» **Information shown**:
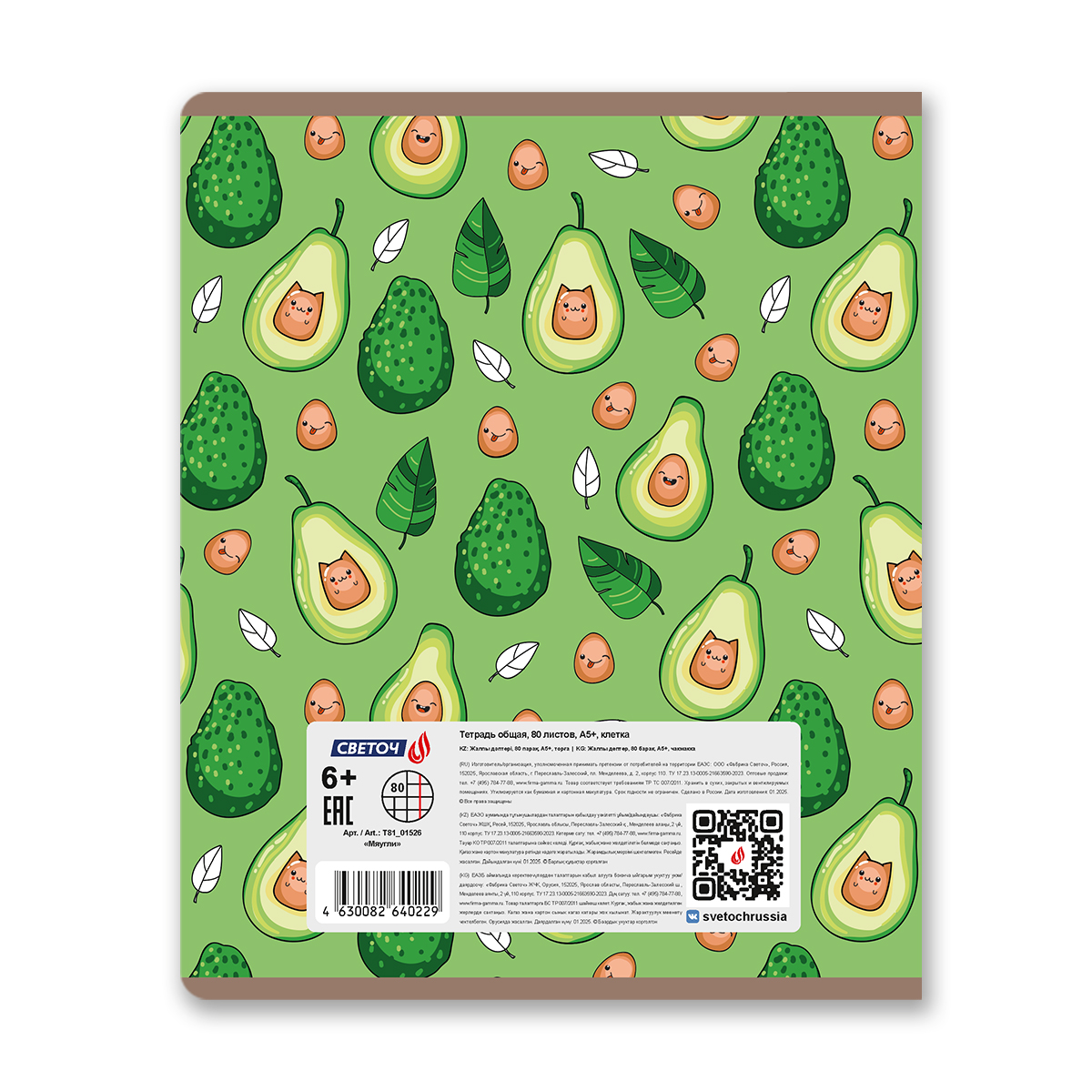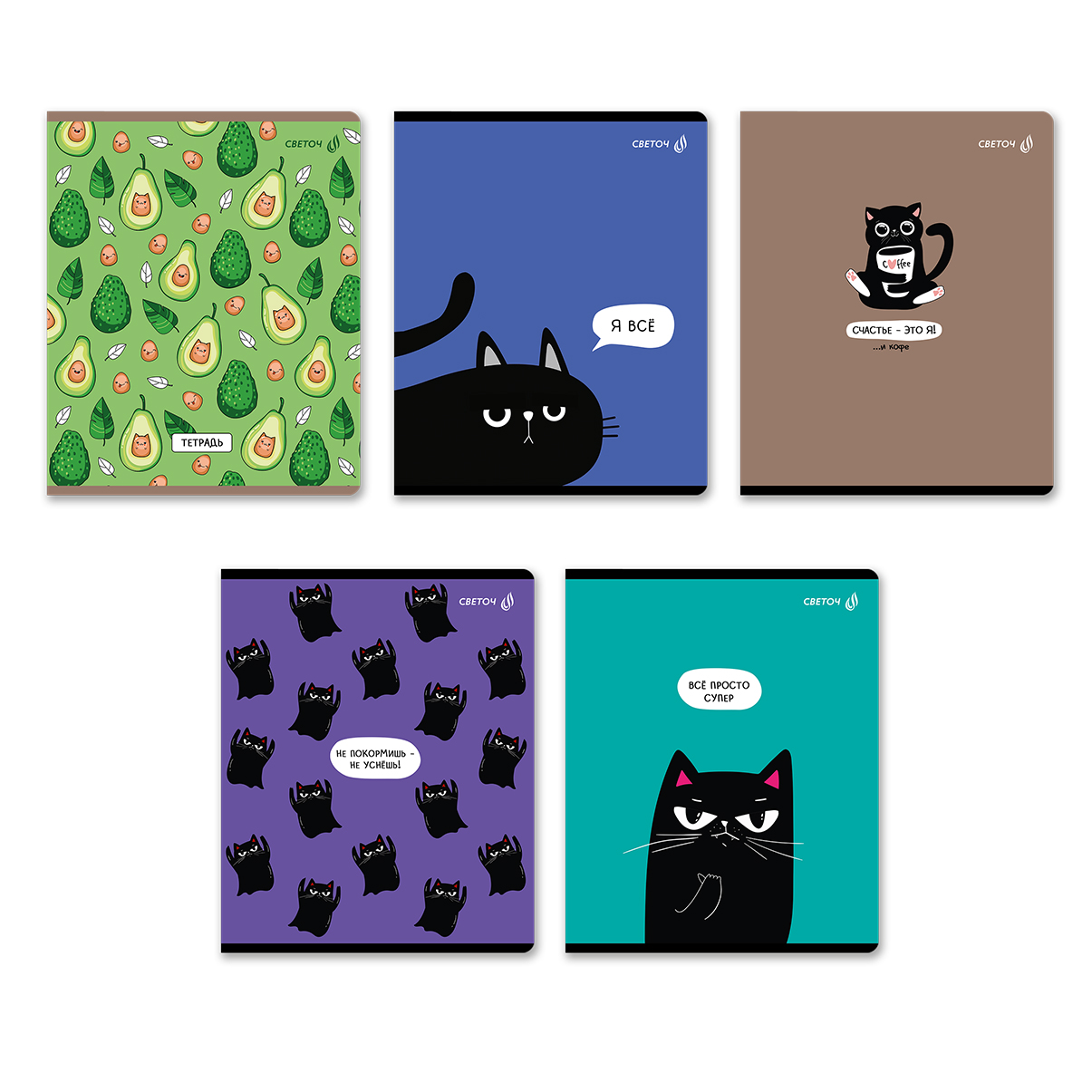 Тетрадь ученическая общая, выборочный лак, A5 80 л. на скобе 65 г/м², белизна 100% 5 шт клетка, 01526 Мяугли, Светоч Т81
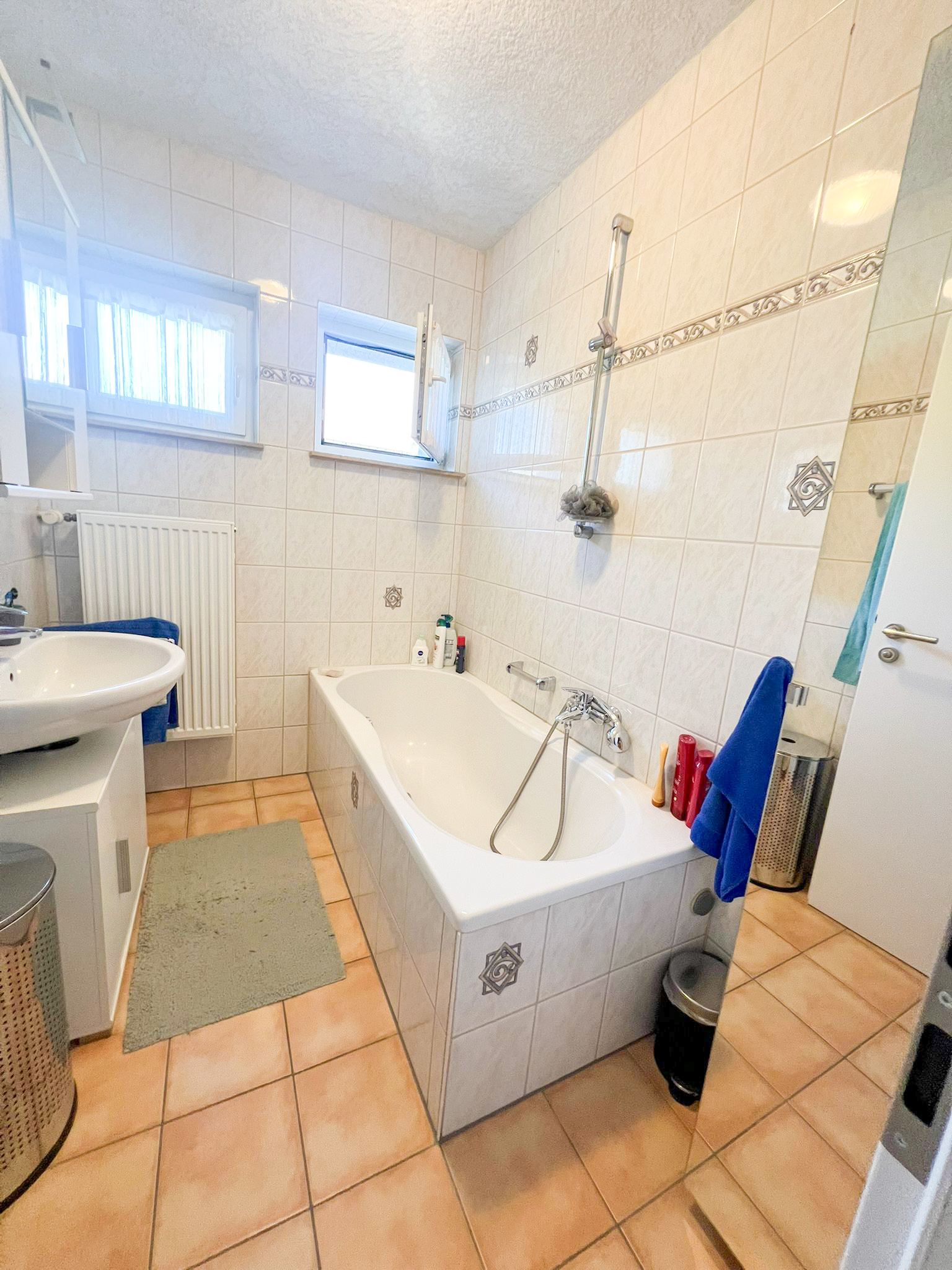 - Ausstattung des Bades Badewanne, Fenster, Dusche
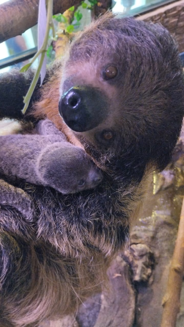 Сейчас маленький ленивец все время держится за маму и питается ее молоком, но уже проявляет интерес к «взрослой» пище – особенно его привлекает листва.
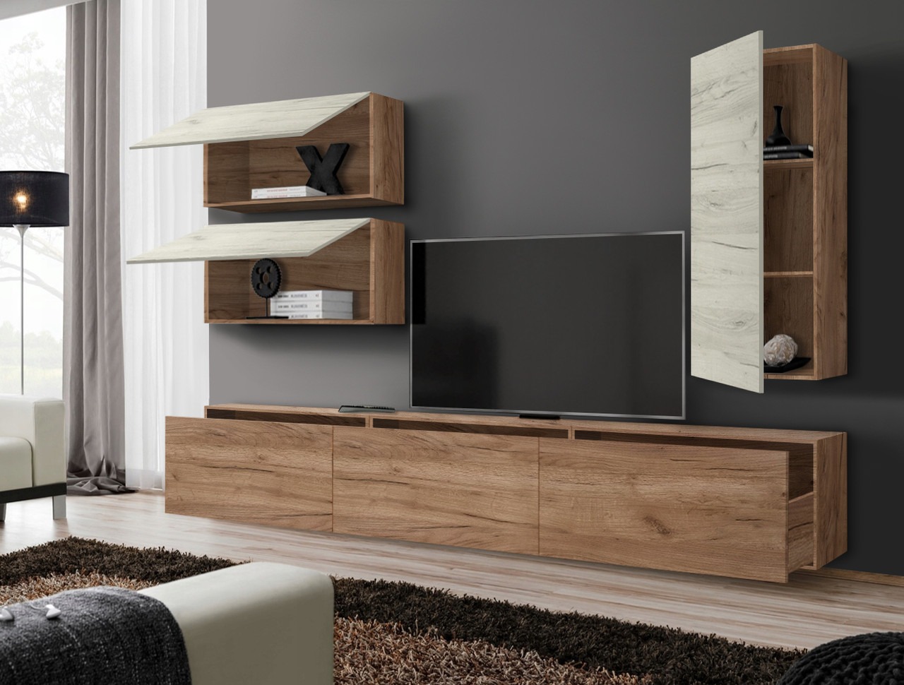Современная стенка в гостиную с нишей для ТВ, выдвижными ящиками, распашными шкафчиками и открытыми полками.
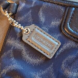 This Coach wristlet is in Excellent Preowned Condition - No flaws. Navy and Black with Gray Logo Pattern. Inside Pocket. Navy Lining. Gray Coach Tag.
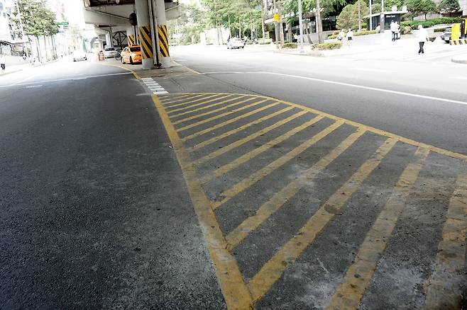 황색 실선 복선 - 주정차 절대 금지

» **Required action**: Print only the lines running from the line that contains "Современная стенка в" to the final line of the listing, both included. Omit every picture.

» **Answer space**:
Современная стенка в гостиную с нишей для ТВ, выдвижными ящиками, распашными шкафчиками и открытыми полками.
 This Coach wristlet is in Excellent Preowned Condition - No flaws. Navy and Black with Gray Logo Pattern. Inside Pocket. Navy Lining. Gray Coach Tag.
 황색 실선 복선 - 주정차 절대 금지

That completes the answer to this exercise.